[Opening Supplied data section]

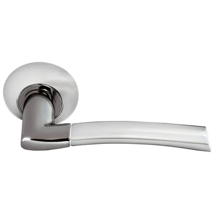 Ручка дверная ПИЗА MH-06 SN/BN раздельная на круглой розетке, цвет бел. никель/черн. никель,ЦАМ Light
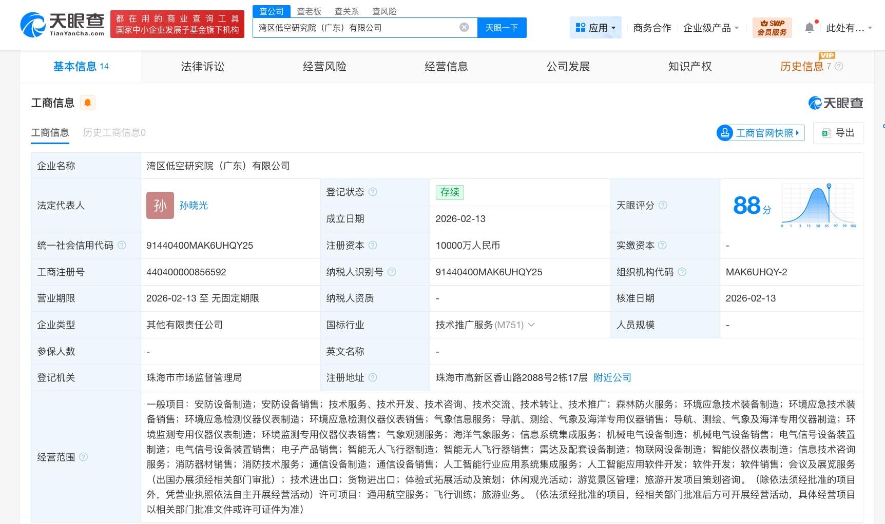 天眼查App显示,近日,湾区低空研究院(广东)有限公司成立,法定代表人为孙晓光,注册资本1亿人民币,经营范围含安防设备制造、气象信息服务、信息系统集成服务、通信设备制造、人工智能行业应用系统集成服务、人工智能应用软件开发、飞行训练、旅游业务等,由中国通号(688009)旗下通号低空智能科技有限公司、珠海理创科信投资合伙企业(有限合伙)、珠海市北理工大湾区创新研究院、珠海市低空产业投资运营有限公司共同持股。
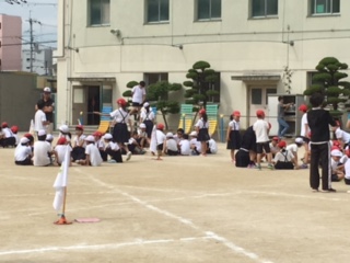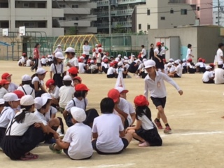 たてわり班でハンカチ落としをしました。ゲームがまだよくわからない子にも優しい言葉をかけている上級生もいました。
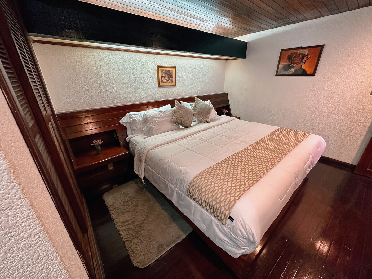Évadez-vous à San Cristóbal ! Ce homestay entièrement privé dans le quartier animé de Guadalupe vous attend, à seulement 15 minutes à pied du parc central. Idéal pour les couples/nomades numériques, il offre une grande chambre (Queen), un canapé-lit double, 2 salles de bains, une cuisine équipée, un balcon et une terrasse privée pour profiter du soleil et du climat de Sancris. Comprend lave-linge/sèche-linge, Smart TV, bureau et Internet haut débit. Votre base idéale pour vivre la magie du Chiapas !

[Closing Supplied data section]
[Opening Supplied data section]

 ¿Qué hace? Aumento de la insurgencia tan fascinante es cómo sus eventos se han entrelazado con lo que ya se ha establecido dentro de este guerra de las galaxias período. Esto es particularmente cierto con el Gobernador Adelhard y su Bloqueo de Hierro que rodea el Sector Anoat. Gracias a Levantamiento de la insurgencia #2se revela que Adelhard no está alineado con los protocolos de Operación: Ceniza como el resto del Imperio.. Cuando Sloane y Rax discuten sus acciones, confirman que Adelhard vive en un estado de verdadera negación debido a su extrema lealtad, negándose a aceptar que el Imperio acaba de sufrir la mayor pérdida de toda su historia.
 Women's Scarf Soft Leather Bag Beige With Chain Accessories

[Closing Supplied data section]

(Task instructions) From the records above, copy only the lines running from the line holding "たてわり班でハンカチ落としを" through the line holding "Évadez-vous à San", with no pictures.

(Exercise solution)
 たてわり班でハンカチ落としをしました。ゲームがまだよくわからない子にも優しい言葉をかけている上級生もいました。
Évadez-vous à San Cristóbal ! Ce homestay entièrement privé dans le quartier animé de Guadalupe vous attend, à seulement 15 minutes à pied du parc central. Idéal pour les couples/nomades numériques, il offre une grande chambre (Queen), un canapé-lit double, 2 salles de bains, une cuisine équipée, un balcon et une terrasse privée pour profiter du soleil et du climat de Sancris. Comprend lave-linge/sèche-linge, Smart TV, bureau et Internet haut débit. Votre base idéale pour vivre la magie du Chiapas !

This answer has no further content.